False confessions: How the innocent admit, are convicted of crimes they didn't commit.
KANSAS CITY, Missouri -- Eddie Lowery lost 10 years of his life for a crime he did not commit. There was no physical evidence at his trial for rape, but one overwhelming factor put him away: He confessed.
At trial, the jury heard details that prosecutors insisted only the rapist could have known, including that the rapist hit the 75-year-old victim in the head with the handle of a silver table knife he found in the house. DNA evidence would later show that another man committed the crime. But that vindication would come only years after Lowery had served his sentence and was paroled in 1991.
"I beat myself up a lot" about having confessed, Lowery said in a recent interview. "I thought I was the only dummy who did that."
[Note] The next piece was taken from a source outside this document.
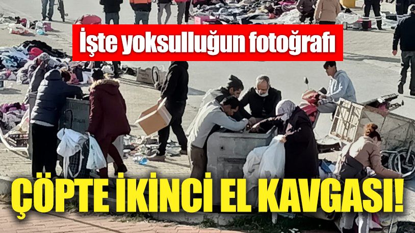 Çanakkale’de çöp konteynerlerine atılan çöpler içerisinden kendileri ve çocukları için elbise toplayan vatandaşların görüntüleri kameralara yansıdı.

But more than 40 others have given confessions since 1976 that DNA evidence later showed were false, according to records compiled by Brandon L. Garrett, a professor at the University of Virginia School of Law. Experts have long known that some kinds of people -- including the mentally impaired, the mentally ill, the young and the easily led -- are the likeliest to be induced to confess. There are also people like Lowery, who says he was just pressed beyond endurance by interrogators.
New research shows how people who were apparently uninvolved in a crime could provide such a detailed account of what occurred, allowing prosecutors to claim that only the defendant could have committed the crime.
An article by Garrett draws on trial transcripts, recorded confessions and other background materials to show how incriminating facts got into those confessions -- by police introducing important facts about the case, whether intentionally or unintentionally, during the interrogation.
Garrett said he was surprised by the complexity of the confessions he studied.
"I expected, and think people intuitively think, that a false confession would look flimsy," like someone saying simply, "I did it," he said.
Instead, he said, "almost all of these confessions looked uncannily reliable," rich in telling detail that almost inevitably had to come from the police. "I had known that in a couple of these cases, contamination could have occurred," he said, using a term in police circles for introducing facts into the interrogation process. "I didn't expect to see that almost all of them had been contaminated."